A Zombie-Free Uncanny Valley

Maybe the Uncanny Valley has nothing to do with avoiding sick/dead people, maybe nothing to do with anything specifically human-oriented at all, but with plain-ol’ conceptual category violations? Suppose you are trying to divide some class of reality into two discrete categories, like “plants” and “animals” or “poetry” and “prose”. Edge cases that don’t fit neatly into either category may be problematic, annoying, or otherwise troubling. Your brain tries to cram something into Category A, then a new data point comes along, and you switch to cramming it into Category B. Then more data and back to A. Then back to B. This might happen even at a subconscious level, flicking back and forth between two categories you normally assign instinctively, like human and non-human, forcing you to devote brain power to something that’s normally automatic. This is probably stressful for the brain.

In some cases, edge cases may be inconsequential and people may just ignore them; in some cases, though, group membership is important–people seem particularly keen on arguments about peoples’ inclusion in various human groups, hence accusations that people are “posers” or otherwise claiming membership they may not deserve.

Some people may prefer discreet categories more strongly than others, and so be more bothered by edge cases; other people may be more mentally flexible or capable of dealing with a third category labeled “edge cases”. It’s also possible that some people do not bother with discreet categories at all.

It would be interesting to test people’s preference for discreet categories, and then see if this correlates with disgust at humanoid robots or any particular political identities.

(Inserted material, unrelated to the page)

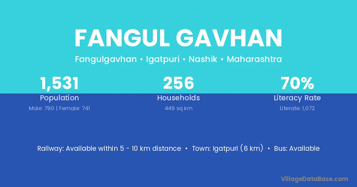 Igatpuri (6 km) is the nearest town to Fangul Gavhan village for major economic activities and is located approximately 6 km away.

It would also be interesting to see if there are ways to equip people with different conceptual paradigms for dealing with data that better accommodate edge cases; a “Core vs. Periphery” approach may be better in some cases than discreet categories, for example.

The Uncanny Valley of Intelligence

So thinking about this IQ-range business, I suspect there is some range where a person is just close enough to sometimes be sometimes in your range, and sometimes out of it, which renders them confusing and therefore annoying. Like, if they concentrate or have studied a particular subject, they can be as good at it–or better–as you are. But on general subjects or when they aren’t particularly concentrating, they say/do (from your POV) a ton of stupid shit. As a result, you have trouble classifying these people as “smart like self” (pretty much everyone believes themselves to be smart,) or “Dumb like not-self”, and our brains probably dislike that confusion.

There is probably also a point below which, as long as the other person isn’t aggressive, we stop trying to fit them into our mental models and just accept them. We might not have great conversations with them, but we also don’t try to discuss quantum with them. Kids are like this; objectively speaking, kids are pretty dumb and we fall all over ourselves when they do something like add 5+6 without fucking up, but teenagers with their “I think I know everything” attitude really piss people off, even thought teens actually do know a lot more than little kids. I don’t think it’s just because people have an evolutionary reason to bond with their own kids, because teenagers are your kids, too, and people probably find their own teenagers more annoying than other people’s kids.

So among my near-relatives, one of them has a condition that affects their brain/cognition, and I just accept them as kinda dumb and don’t stress about it. Another seems to fall into the uncanny valley of dumb and smart, which I find really stressful to be around. (Oh really, you read a study? And you are telling me about it? And oh, yes, you misunderstood the implications. Again. I see. Yes do please keep telling me about it.) Sadly, the just-dumb relative seems to fall in the annoying relative’s uncanny valley, so annoying relative complains to me about how annoying the just-dumb relative is to them.